= Task =
Within the listing that follows, reproduce exactly the lines starting at the line with "PROCIDA – (c.s.)" and ending at the line with "同月,按照評估標準GB∕T 39116-2020《智能制", inclusive, and only those. Pictures are dropped.

= Task input =
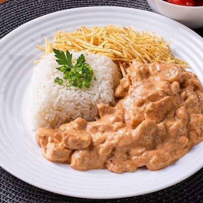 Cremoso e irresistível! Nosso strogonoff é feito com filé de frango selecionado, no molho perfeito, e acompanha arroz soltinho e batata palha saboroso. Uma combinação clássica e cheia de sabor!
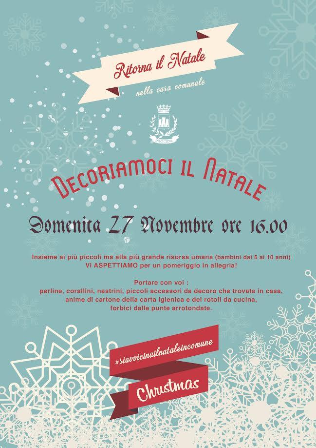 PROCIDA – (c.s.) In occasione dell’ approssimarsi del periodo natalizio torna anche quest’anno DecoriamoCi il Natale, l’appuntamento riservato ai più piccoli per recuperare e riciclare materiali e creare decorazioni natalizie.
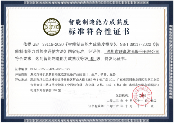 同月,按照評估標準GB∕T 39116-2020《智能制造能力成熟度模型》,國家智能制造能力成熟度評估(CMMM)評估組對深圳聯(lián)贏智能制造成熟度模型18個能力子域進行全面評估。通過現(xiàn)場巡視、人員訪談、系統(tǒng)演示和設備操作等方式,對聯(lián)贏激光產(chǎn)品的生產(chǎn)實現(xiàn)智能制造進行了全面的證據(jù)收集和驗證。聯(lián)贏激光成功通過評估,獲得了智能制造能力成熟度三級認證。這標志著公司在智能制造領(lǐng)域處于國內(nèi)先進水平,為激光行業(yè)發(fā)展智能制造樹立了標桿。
==
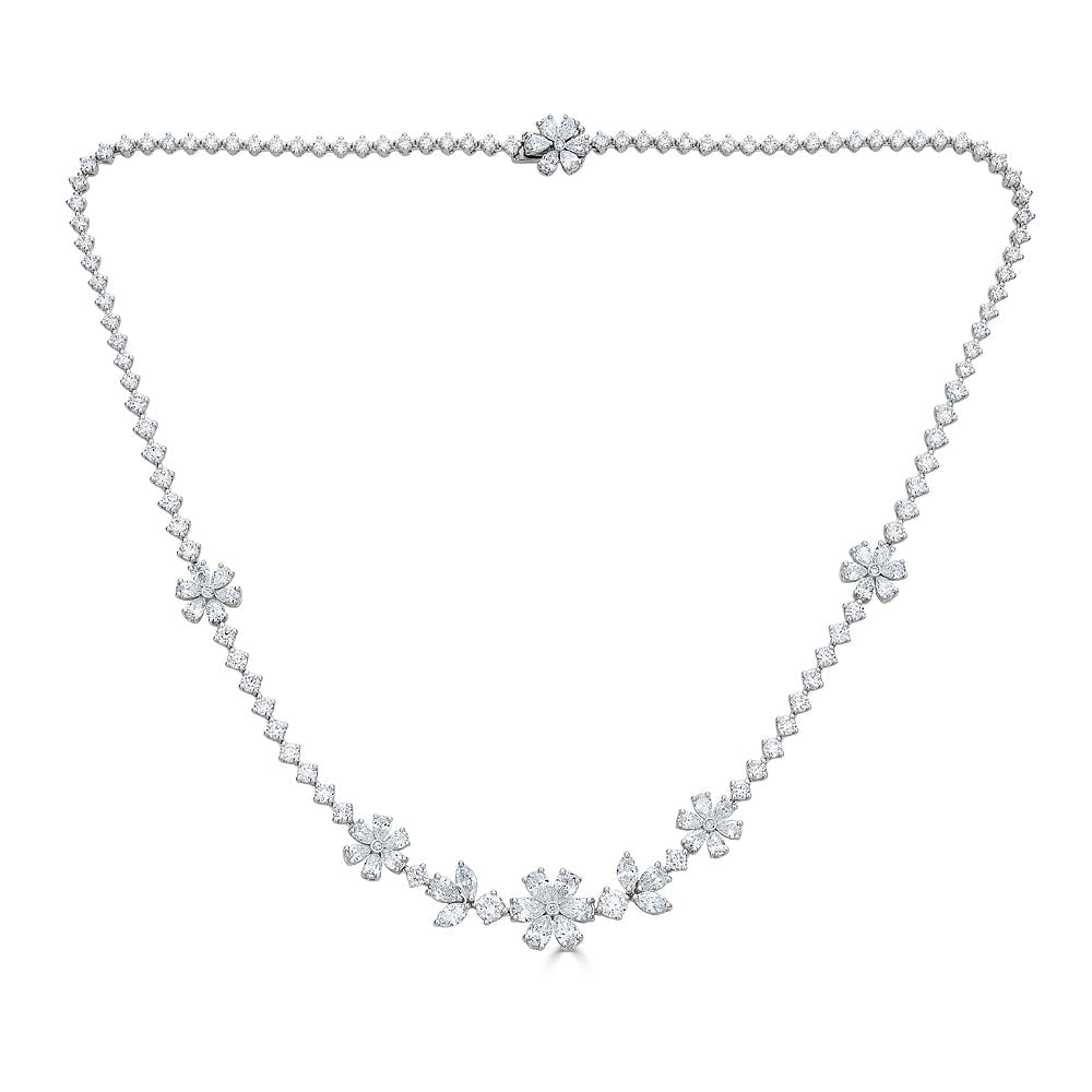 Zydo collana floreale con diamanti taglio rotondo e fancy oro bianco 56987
--
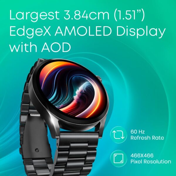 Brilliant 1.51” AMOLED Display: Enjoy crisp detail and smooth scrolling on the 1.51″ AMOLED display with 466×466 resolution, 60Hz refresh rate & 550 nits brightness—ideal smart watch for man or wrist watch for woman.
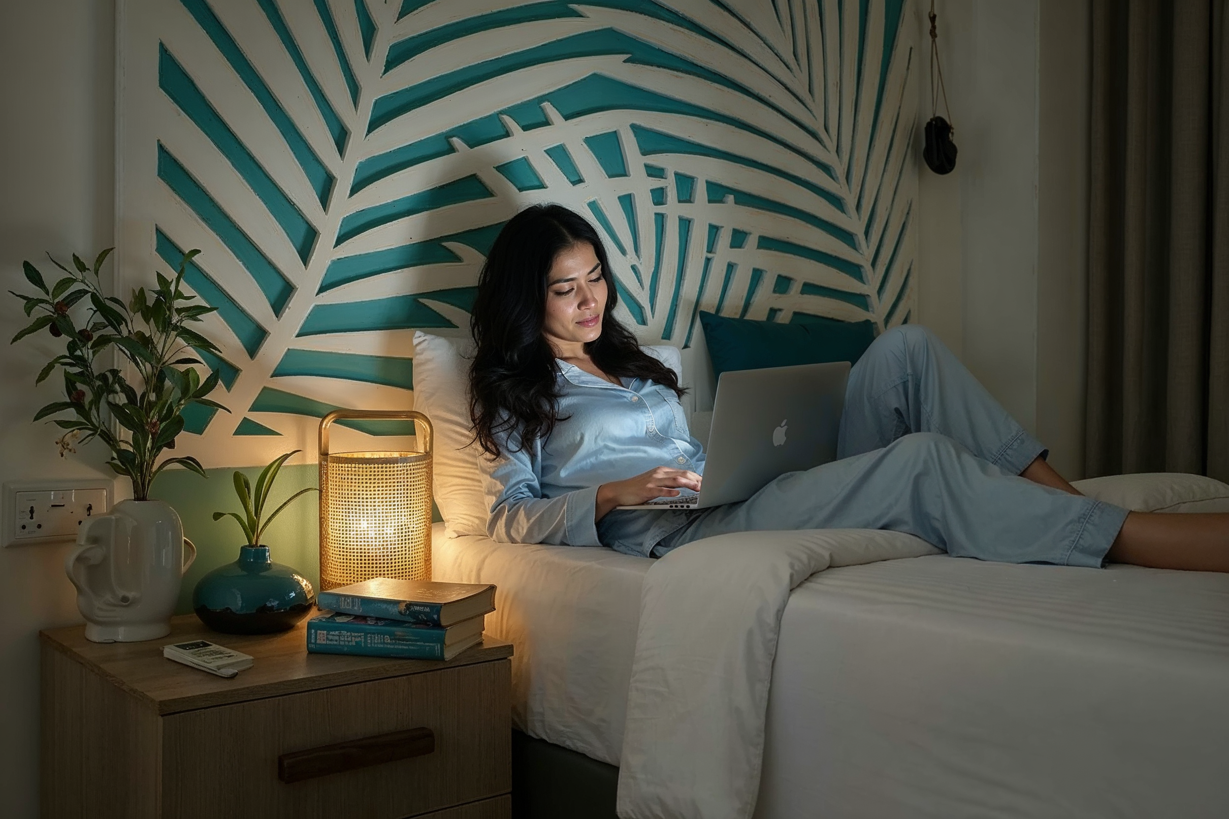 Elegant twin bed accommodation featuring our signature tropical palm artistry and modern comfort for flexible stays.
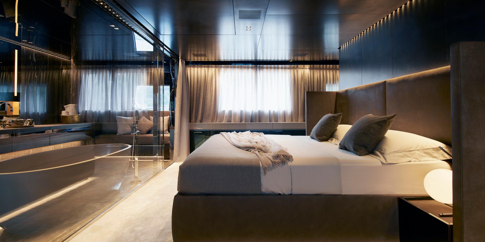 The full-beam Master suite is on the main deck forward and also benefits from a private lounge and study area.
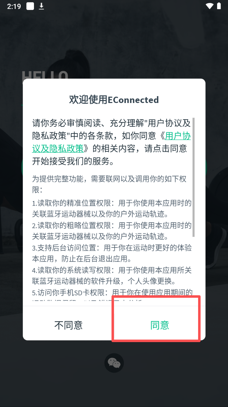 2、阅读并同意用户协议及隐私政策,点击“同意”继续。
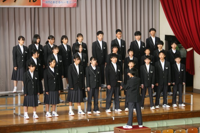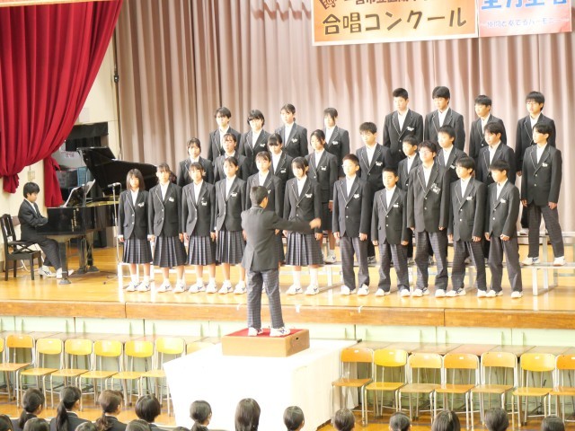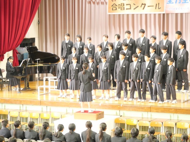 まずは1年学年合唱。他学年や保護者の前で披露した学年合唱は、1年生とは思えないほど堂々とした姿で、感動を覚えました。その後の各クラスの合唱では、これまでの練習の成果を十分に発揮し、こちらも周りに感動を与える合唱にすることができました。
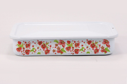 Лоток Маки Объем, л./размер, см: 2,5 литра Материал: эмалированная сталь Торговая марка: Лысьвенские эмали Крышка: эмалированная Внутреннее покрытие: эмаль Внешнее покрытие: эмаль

= Your solution =
 PROCIDA – (c.s.) In occasione dell’ approssimarsi del periodo natalizio torna anche quest’anno DecoriamoCi il Natale, l’appuntamento riservato ai più piccoli per recuperare e riciclare materiali e creare decorazioni natalizie.
 同月,按照評估標準GB∕T 39116-2020《智能制造能力成熟度模型》,國家智能制造能力成熟度評估(CMMM)評估組對深圳聯(lián)贏智能制造成熟度模型18個能力子域進行全面評估。通過現(xiàn)場巡視、人員訪談、系統(tǒng)演示和設備操作等方式,對聯(lián)贏激光產(chǎn)品的生產(chǎn)實現(xiàn)智能制造進行了全面的證據(jù)收集和驗證。聯(lián)贏激光成功通過評估,獲得了智能制造能力成熟度三級認證。這標志著公司在智能制造領(lǐng)域處于國內(nèi)先進水平,為激光行業(yè)發(fā)展智能制造樹立了標桿。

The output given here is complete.